Z każdym ruchem, jaki wykonywał językiem, pożądanie coraz bardziej zaćmiewało umysł Asami. Nie kontrolowała nawet tego, że bezwiednie wypowiadała jego imię aż do momentu, gdy ulokował się wraz ze swoim przyjacielem pomiędzy jej nogami. Wtedy też krzyknęła głośno, gdy pierwszy ruch przebił jej błonę, a następne - mimo niewielkiego bólu - sprawiały jej ogromną przyjemność. Nie zdawała sobie sprawy, że seks może być aż tak cudowny.
On z kolei... Był czuły i delikatny, choć na co dzień tego nie okazywał. Poruszając powoli miednicą składał delikatne, wręcz niemal boskie pocałunki na obojczykach, kąsał nieco boleśnie, ale za to nieziemsko przyjemnie szyję i szeptał słowa, o które nigdy w życiu by go nie podejrzewała.

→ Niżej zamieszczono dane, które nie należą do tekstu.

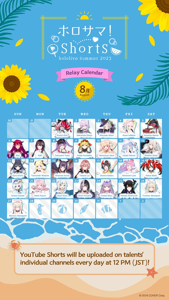 hololive talents are uploading summer-themed YouTube Shorts every day! Please enjoy this special summer together with our talents!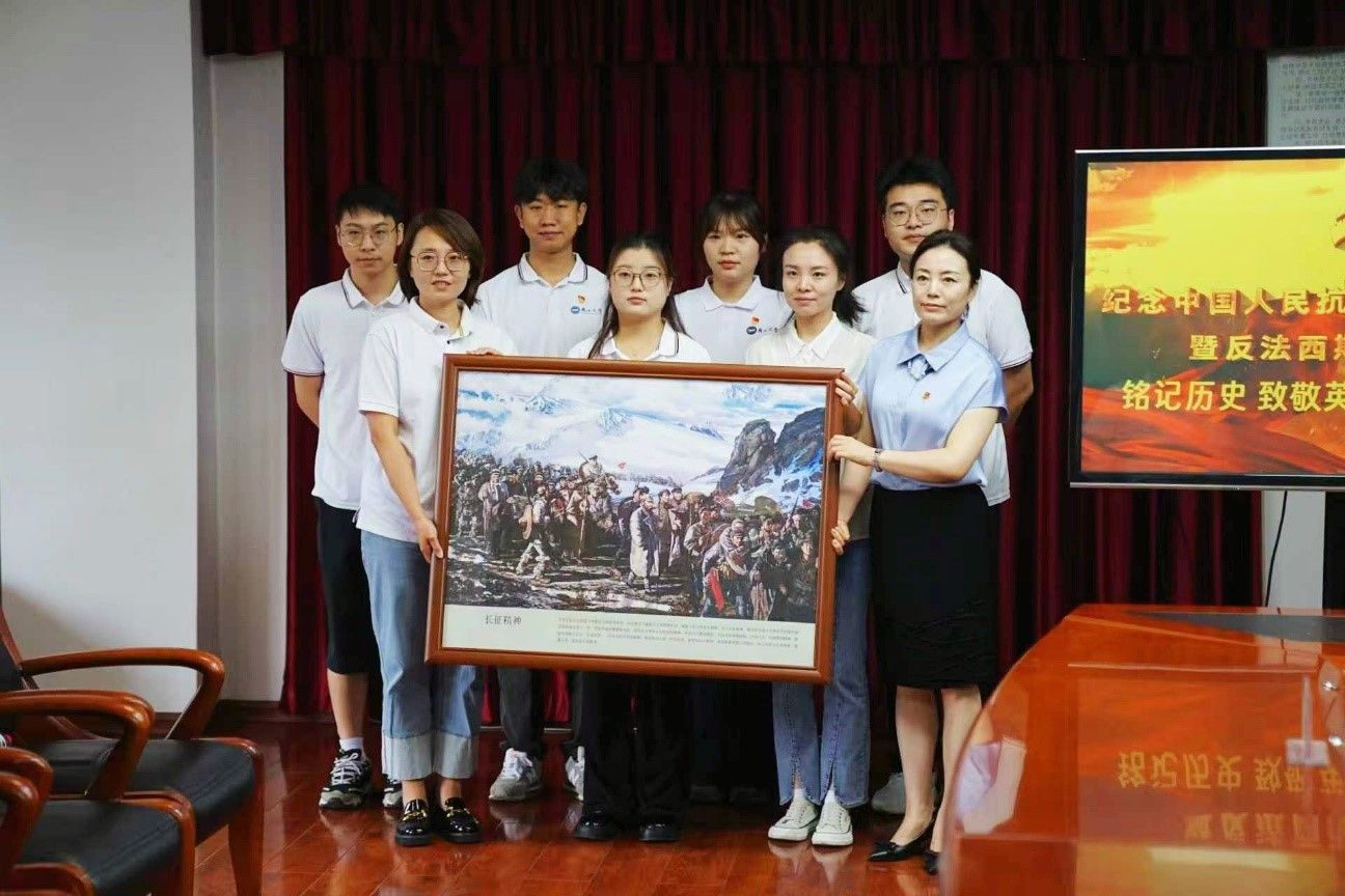 活动伊始,党支部向干休所捐赠了油画作品《长征精神》。画作以红军翻越雪山的壮丽场景为背景,生动展现了革命先辈不畏艰险、勇往直前的精神风貌。支部党员申田田在捐赠仪式上动情表示:“长征精神是中华民族的宝贵财富,作为新时代青年,我们不仅要铭记历史,更要以实际行动传承红色基因,将个人理想融入国家发展大局,为科技自立自强贡献青春力量。”干休所负责人代表全体老干部接受捐赠,并感谢高校与社区的深情厚谊,强调“这幅画作将永久陈列于休养所,成为激励后人奋进的精神坐标”。

Rękę położył na prawej piersi, ugniatając ją lekko i drażniąc sutek. Usta błądziły po całym ciele, coraz częściej zatrzymując się na dekolcie.
Zwiększył szybkość swoich ruchów, wchodząc i wychodząc z niej coraz szybciej. Sprawiał jej tym niewyobrażalną przyjemność i doznania. Asami nigdy nie podejrzewałaby, że w tym cichym, małomównym chłopaku drzemie tyle siły.
Sasuke z kolei, nadal błądząc rękoma i ustami po ciele ukochanej czuł powoli, że kończy mu się czas. Postarał się jednak i wykrzesał z siebie ostatki sił sprawiając, że jego dziewczyna zaczęła się wić pod nim jak oszalała, wykrzykując jego imię i jękając z rozkoszy.
Sam krótko po tym wystrzelił do gumki, którą za wczasu założył.
Złączył ich usta w pocałunku i spojrzał wprost w jej piękne, cudowne oczy.
– Kocham cię, wiesz? – zapytał.
– Wiem, ja ciebie też – odpowiedziała mu, po czym znów pocałowała i przyciągnęła jeszcze bardziej do siebie.